Installation
Paper and wire mesh, plaster
183 x 244 cm
2023
Culture refers to the shared set of beliefs, values, customs, behaviours, practices, traditions and artefacts that characterize a particular group of people. It encompasses the way people live, interact, communicate, and express themselves within their social, ethnic, religious, or geographic communities. Culture is a complex concept that shapes human identity and influences various aspects of society, including art, literature, music, language, religion, social norms, and more.

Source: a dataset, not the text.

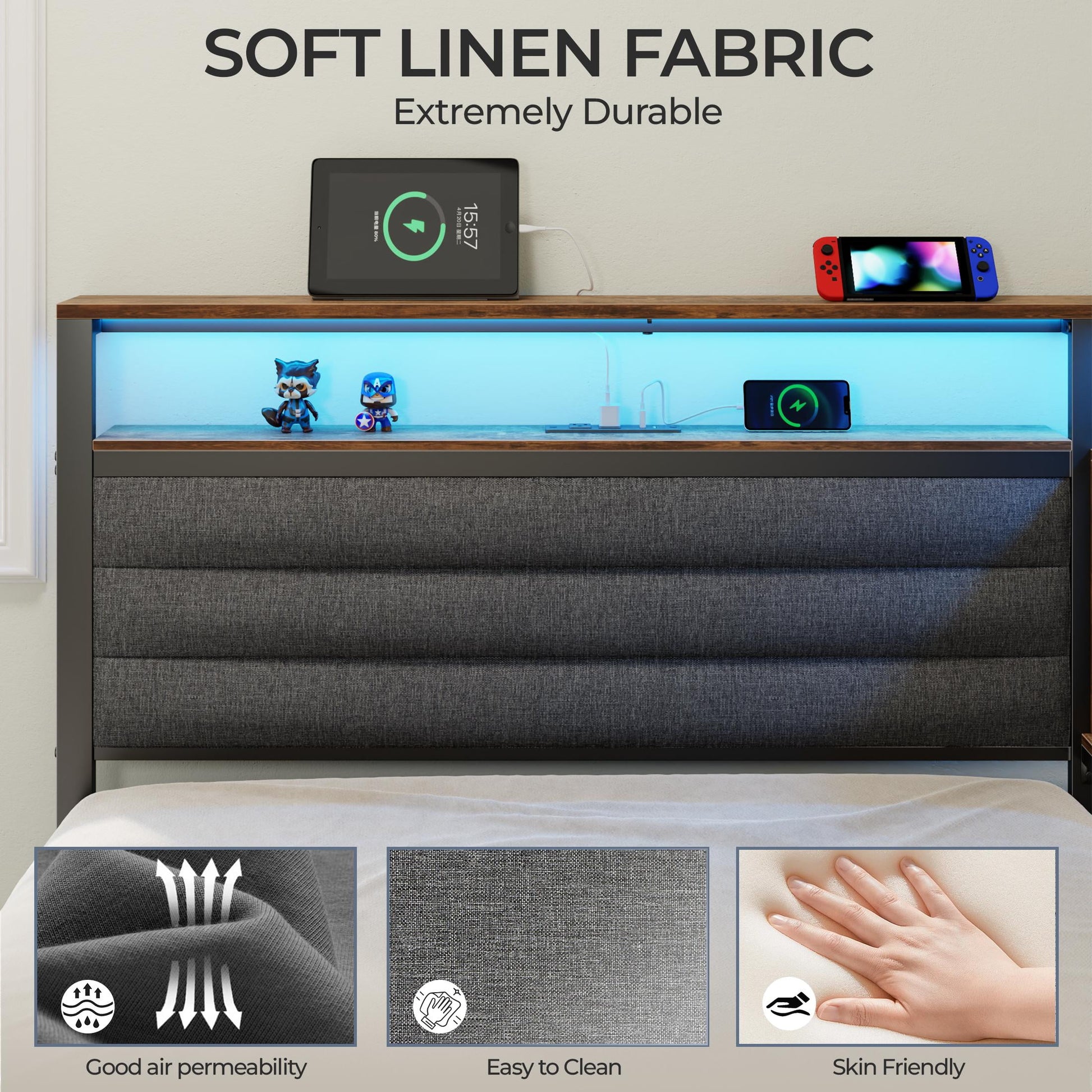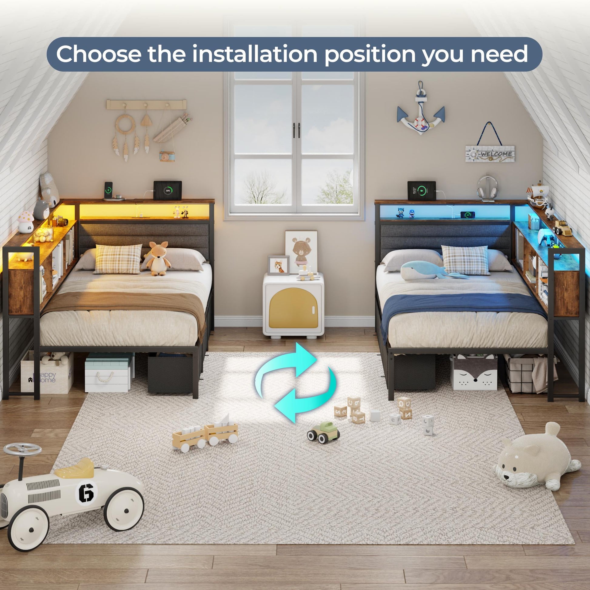 This L-shaped corner bed frame is a space-saving, functional game-changer¡ªperfect for teen bedrooms, small apartments, or cozy homes! It fits snugly into any layout, offering sleeping/lounging versatility plus ample storage (3 under-bed drawers, 3 open cubbies, double-layer shelf) to stow essentials and keep small spaces tidy. It also boasts a headboard with an adhesive LED light strip (vibe-boosting for bedtime) and integrated power (1 USB, 2 AC outlets, 1 Type-C) for convenient in-bed device charging¡ªno mid-use trips.
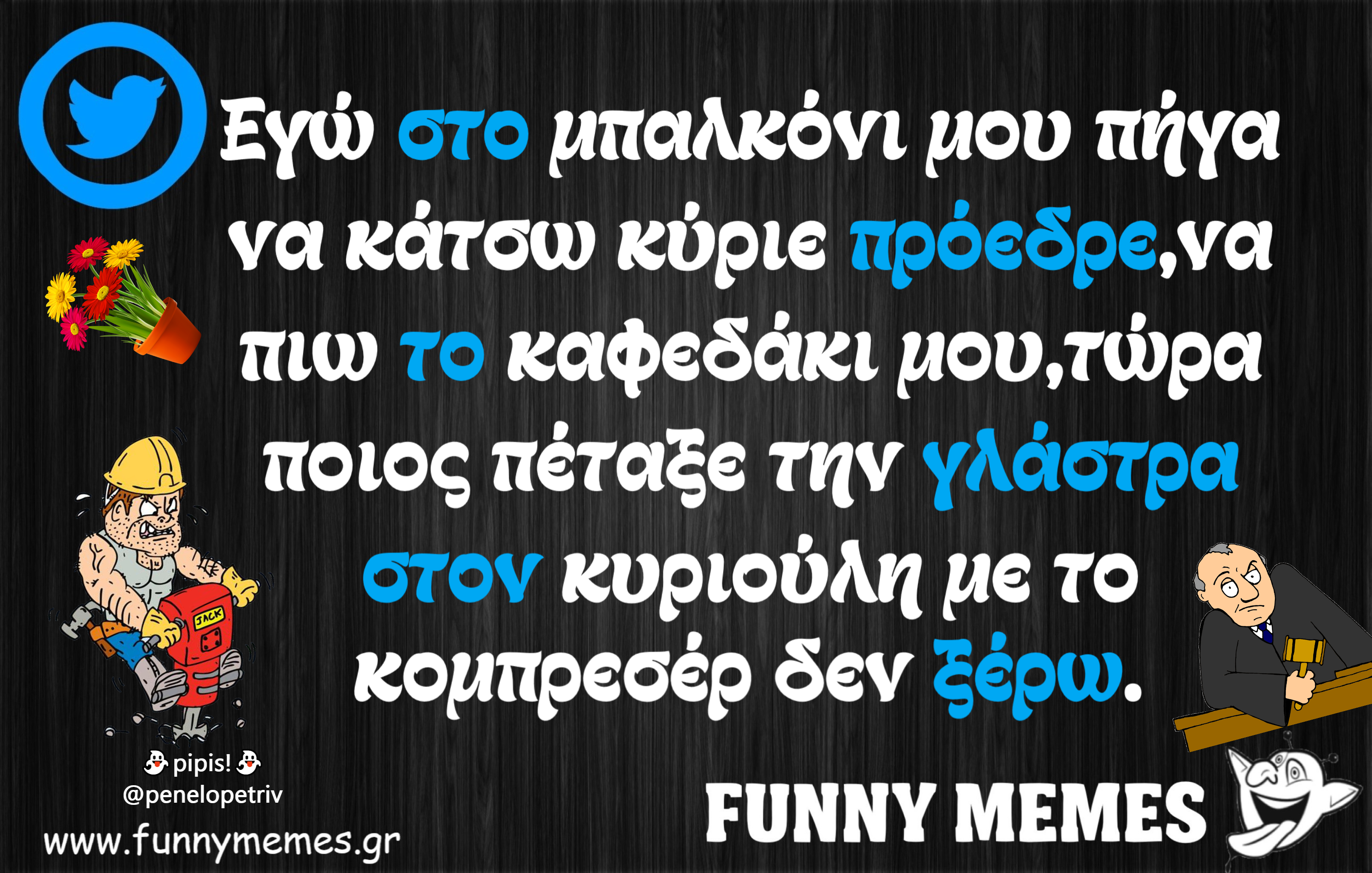 - Αγορές Αναδρομές Για παντρεμένους Για τα ζώα Για τα παιδιά Για τη μαμά Για τον μπαμπά Για χωρισμένους Δημοσιογραφία Εργασιακά Καλές πράξεις Μακάβρια Πολιτική Σοφά λόγια Σόκιν Τα αθλητικά Τα αντρικά Τα εγκληματικά Τα εργασιακά Τα ιατρικά Τα ιστορικά Τα καλλιτεχνικά Τα κατεψυγμένα Τα μακάβρια Τα μεταφυσικά Τα σόκιν Τα τεχνολογικά Τα φοιτητικά Τα ψεκασμένα Της διασκέδασης Της κρίσης Του έρωτα Τσίου memes Φωτορεπορτάζ

I have always been curious about how our cultural history is written, how it is narrated – who narrated it, who were those groups of people who created artefacts and wrote old texts, and who does it belong to the people whose history it is a part? Using crumpled papers as a metaphor, I’m referring to various cultures and have made a huge blanket to illustrate how a culture sits as one of the most potent aspects on top of a historical layer. I’ve arranged crumpled paper balls to signify, respect, and recognize our ethnic groups and indigenous people who have sincerely practised and preserved our tangible and intangible culture, materials, tradition, faith and beliefs.
A book by Geoffrey Robertson titled “Who owns history?” inspired me to think about the cultural mobilization and possible reformation of our society through a cultural lens. I’m constantly questioning myself if we can go back in time and write our cultural history as it happened; can we restore what was once a part of our living culture? Can we gather the intellectual written text by our forefathers? Are we capable of reclaiming, repatriating, or resituating our culture and handing it back to the communities who truly owned it?